In 2002 the tradition of inviting ‘modern classics’, like the Flying Star was 76 years ago, was revived with a special class for concept cars and prototypes. To be eligible the show cars do have to be able to move under their own power as they have to take part in the parade along the hotel’s terrace. Underlining the importance of the Concorso, this class has since been regularly used to debut brand machines. For the second year running, coachbuilder Zagato celebrated a world debut. Last year we were treated to the Ferrari 575 GTZ and now they showed the Maserati GS Zagato. Based on the short Spider chassis, the car features a very compact aluminum hatchback design. The Zagato Maserati was built to custom order for an Italian fashion designer, but we were told that another eight or nine examples will be constructed. Speaking of custom orders, Jim Glickenhaus brought his Pininfarina styled Ferrari P4/5 back to Italy for the first time since it was debuted at Pebble last year. He told us that he would drive it to Maranello immediately after the Concorso.

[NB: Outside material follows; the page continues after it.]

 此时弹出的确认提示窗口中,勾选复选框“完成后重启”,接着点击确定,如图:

Of course there were also plenty of true show cars ranging from the outlandish Rinspeed Exasis to the near production ready Infiniti Coupe Concept. It was a rare opportunity to see these new cars outside of a motorshow. As they had done at Detroit in January, the Jaguar C-XF and the Toyota FT-HS concepts impressed us the most. At Frankfurt later this year, the production version of the Jaguar will be unveiled. Designer Ian Callum explained that it will use similar lines, but the car will be a little taller and will not use the hidden door handles. Amazingly the production version had already been designed before the concept car was created.

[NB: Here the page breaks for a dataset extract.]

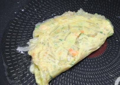 달궈진 팬에 계란물 한국자 정도 올린다음 너무 두껍지 않도록 넓게 펼쳐 줍니다.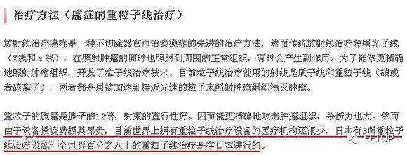 E、 医疗硬件的最高峰——全球仅有的6台投入使用的重粒子癌放疗设备有5套在日本 1套在德国,目前选择不开刀而接受重粒子线放疗的患者中有80%是在日本进行的

Ferrari and the Mille Miglia
For both Ferrari and the Mille Miglia 2007 is a year of commemorations as the legendary manufacturer celebrates its 60th birthday and the grueling road race was held for the first time 80 years ago. Sadly it is also 50 years ago when the Mille Miglia was cancelled after the horrific accident of Alfonso de Portago in his Works Ferrari. Between 1947 and 1957, a Ferrari had won the race no fewer than eight times. The actual 1953 winning 340 MM Vignale Spyder was present and was one of the highlights of the special Ferrari racing car class. Thanks to its historic significance the compact racer was awarded the Jury’s Special Price, this year named the Trofeo Albrecht Graf Goertz to honour the influential designer, who passed away late last year. The Concorso also featured two of his most famous designs; the BMW 507 and the Toyota 2000 GT. In the late 1920s and 1930s, the Mille Miglia was very much an Alfa Romeo affair, so it was only appropriate to have one of the Milanese winners in the Concorso as well. In this case the 6C 1750 SS Zagato Spider that took the company’s second victory in 1929. What is even more impressive is that the car has survived in a highly original condition. It was rightfully awarded the Trofeo FIVA for the best preserved car. Although not entered in the Concorso, BMW brought out the 1940 MM winning 328 Touring Coupe, alongside a recent concept car designed along the same lines. Three Mille Miglia winning cars together was quite a celebration of the epic road race.
As mentioned earlier, Ferrari’s anniversary was celebrated by a special class of 1950s racing cars; a very appropriate choice as these machines were quintessential to the company’s future by winning major races and subsequently attracting the first customers. That not every classic Ferrari used a V12 was showcased by the four cylinder engined 860 Monza and the six cylinder engined 121 LM. The former won the 1956 Sebring 12 Hours race and the latter led the 1955 Le Mans, but was slowed down by tire problems. The youngest of the five was the fourteen louvre 250 GT TDF, which was raced in that fatal final Mille Miglia. It was the awarded the Trofeo Scaglietti by Sergio Scaglietti himself for the most elegant Ferrari design.

Rolling sculptures
Not just the setting and the exclusivity set Villa d’Este apart from the conventional concours, but also the judging. As in the old days, the public still gets to award a ‘best of show’; the Copa d’Oro. In addition there is now also a panel of six judges who pick the class winners and their own ‘best of show’; the Trofeo BMW Group. Although all six of the judges have made their name in the automotive industry, they are not experts on any particular era or manufacturer, so the cars are predominantly on how they look and not as much on how ‘correct’ they are. This of course leaves a great emphasis on the coachwork fitted and it is safe to say that the most beautiful cars have the biggest chance of winning.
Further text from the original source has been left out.